═══ TASK MATERIAL ═══

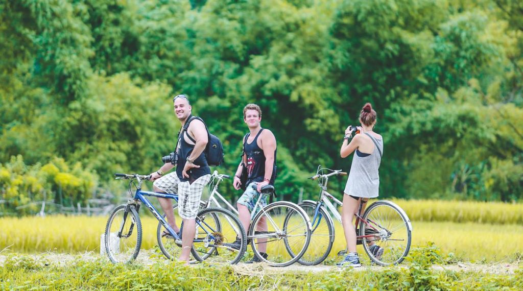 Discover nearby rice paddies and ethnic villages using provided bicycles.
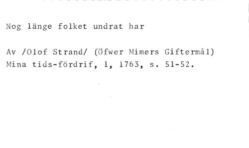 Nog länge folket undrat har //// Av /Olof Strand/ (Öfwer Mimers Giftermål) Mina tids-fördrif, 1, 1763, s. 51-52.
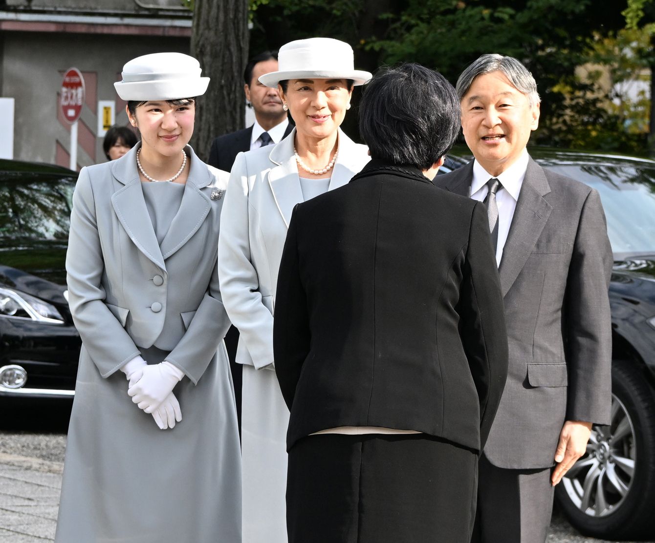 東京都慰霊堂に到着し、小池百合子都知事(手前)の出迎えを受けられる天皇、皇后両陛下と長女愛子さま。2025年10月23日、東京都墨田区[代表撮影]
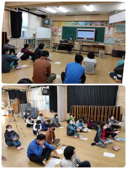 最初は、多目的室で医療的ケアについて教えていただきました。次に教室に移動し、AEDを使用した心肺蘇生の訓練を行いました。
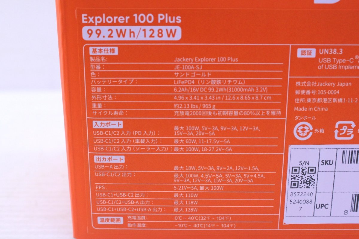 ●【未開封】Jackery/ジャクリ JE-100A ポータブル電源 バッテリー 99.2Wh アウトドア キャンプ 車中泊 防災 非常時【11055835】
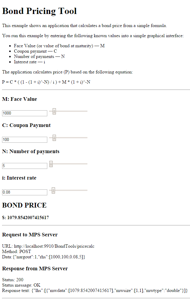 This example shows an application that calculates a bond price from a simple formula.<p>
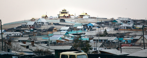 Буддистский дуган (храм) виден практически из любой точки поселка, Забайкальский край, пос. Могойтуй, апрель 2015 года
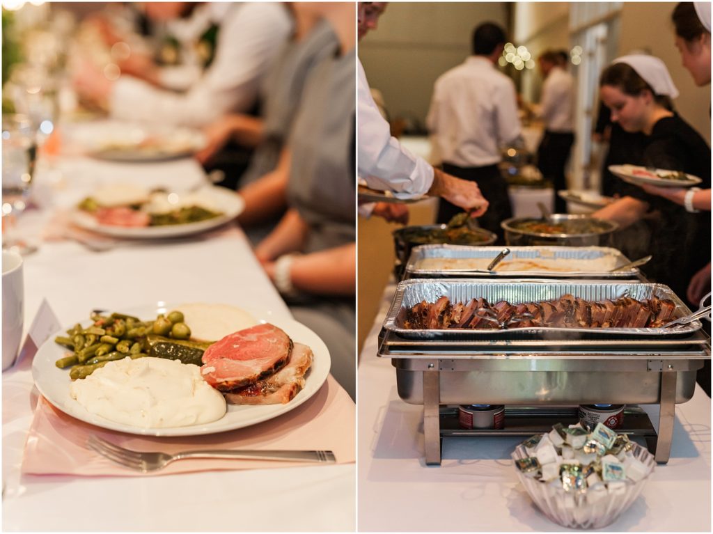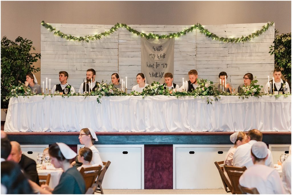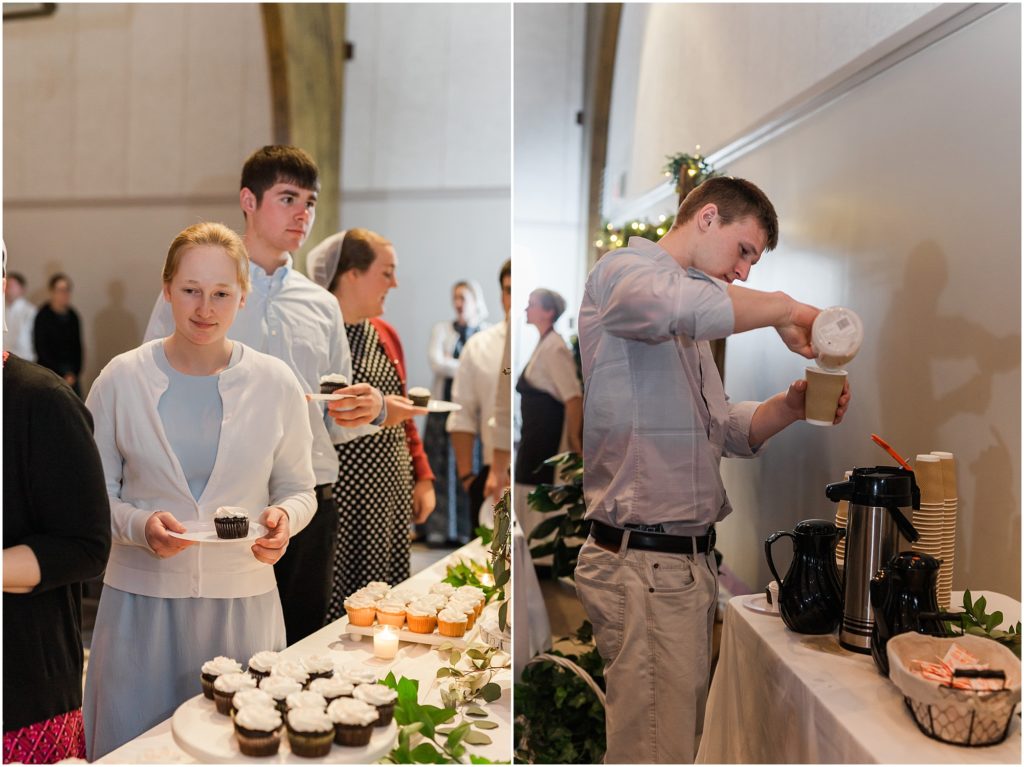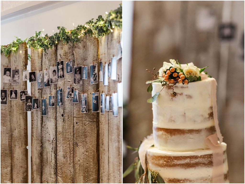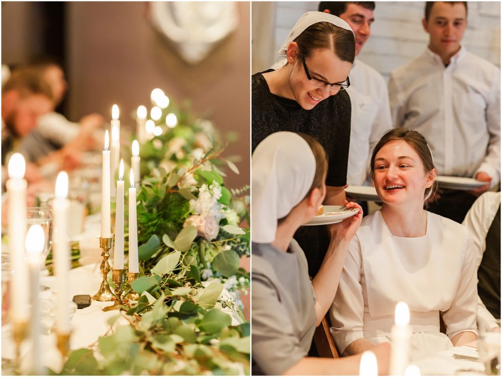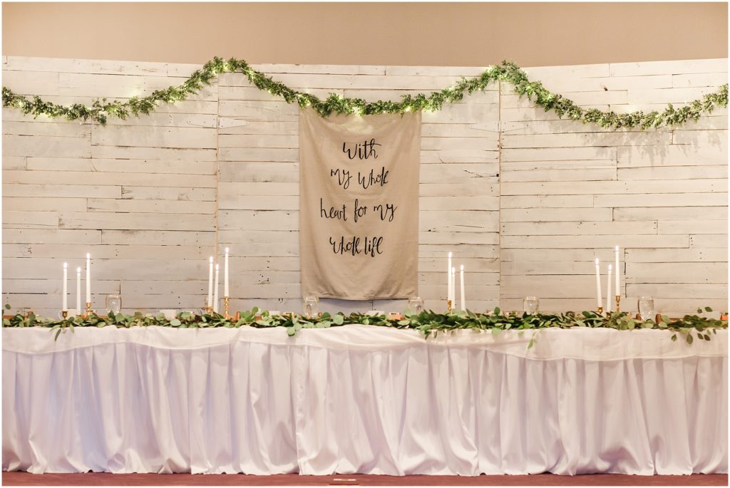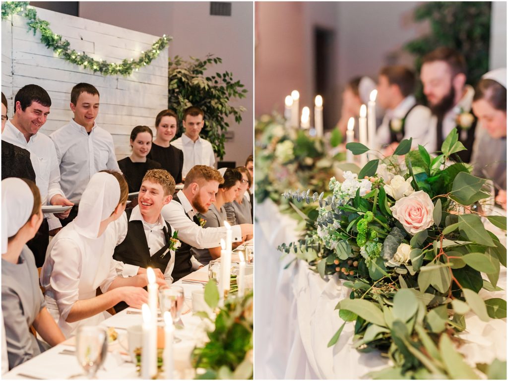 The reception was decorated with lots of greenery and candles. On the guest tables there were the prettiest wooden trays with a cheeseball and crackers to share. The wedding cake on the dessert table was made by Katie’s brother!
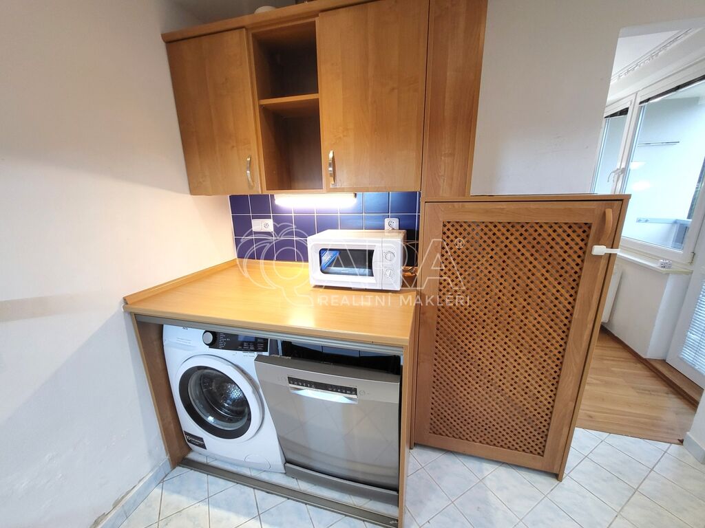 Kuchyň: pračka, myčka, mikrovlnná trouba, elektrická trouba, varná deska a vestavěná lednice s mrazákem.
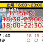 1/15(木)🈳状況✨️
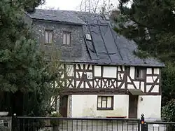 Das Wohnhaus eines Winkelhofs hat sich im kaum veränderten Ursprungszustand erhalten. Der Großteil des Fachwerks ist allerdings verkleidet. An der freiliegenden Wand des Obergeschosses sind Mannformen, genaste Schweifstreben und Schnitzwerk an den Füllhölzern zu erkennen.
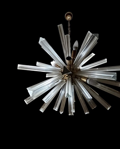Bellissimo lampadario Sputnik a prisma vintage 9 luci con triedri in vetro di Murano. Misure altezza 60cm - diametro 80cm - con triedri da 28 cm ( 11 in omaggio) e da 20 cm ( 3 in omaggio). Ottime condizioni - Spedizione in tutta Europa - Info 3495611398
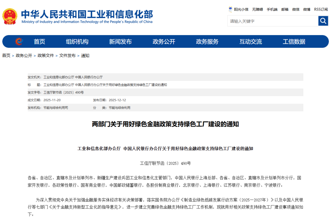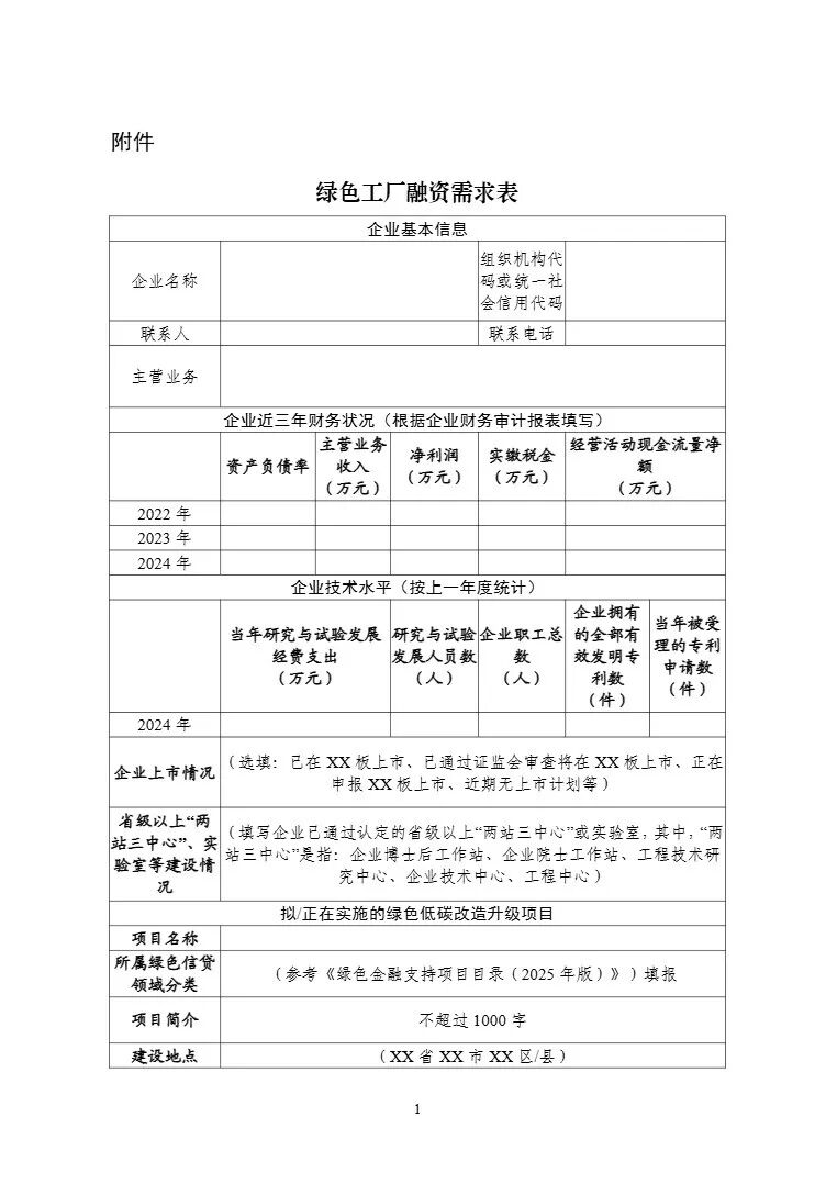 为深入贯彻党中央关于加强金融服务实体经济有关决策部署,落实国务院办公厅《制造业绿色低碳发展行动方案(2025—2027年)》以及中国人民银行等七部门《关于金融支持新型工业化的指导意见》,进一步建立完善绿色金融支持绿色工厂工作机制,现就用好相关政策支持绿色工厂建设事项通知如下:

═══

Could you please write out exactly the lines from the start of the entries above through the line that holds "1/15(木)🈳状況✨️", both included, with no pictures?

 Discover nearby rice paddies and ethnic villages using provided bicycles.
 Nog länge folket undrat har //// Av /Olof Strand/ (Öfwer Mimers Giftermål) Mina tids-fördrif, 1, 1763, s. 51-52.
 東京都慰霊堂に到着し、小池百合子都知事(手前)の出迎えを受けられる天皇、皇后両陛下と長女愛子さま。2025年10月23日、東京都墨田区[代表撮影]
 最初は、多目的室で医療的ケアについて教えていただきました。次に教室に移動し、AEDを使用した心肺蘇生の訓練を行いました。
 ●【未開封】Jackery/ジャクリ JE-100A ポータブル電源 バッテリー 99.2Wh アウトドア キャンプ 車中泊 防災 非常時【11055835】
 This example shows an application that calculates a bond price from a simple formula.<p>
 Буддистский дуган (храм) виден практически из любой точки поселка, Забайкальский край, пос. Могойтуй, апрель 2015 года
 The reception was decorated with lots of greenery and candles. On the guest tables there were the prettiest wooden trays with a cheeseball and crackers to share. The wedding cake on the dessert table was made by Katie’s brother!
 Kuchyň: pračka, myčka, mikrovlnná trouba, elektrická trouba, varná deska a vestavěná lednice s mrazákem.
 1/15(木)🈳状況✨️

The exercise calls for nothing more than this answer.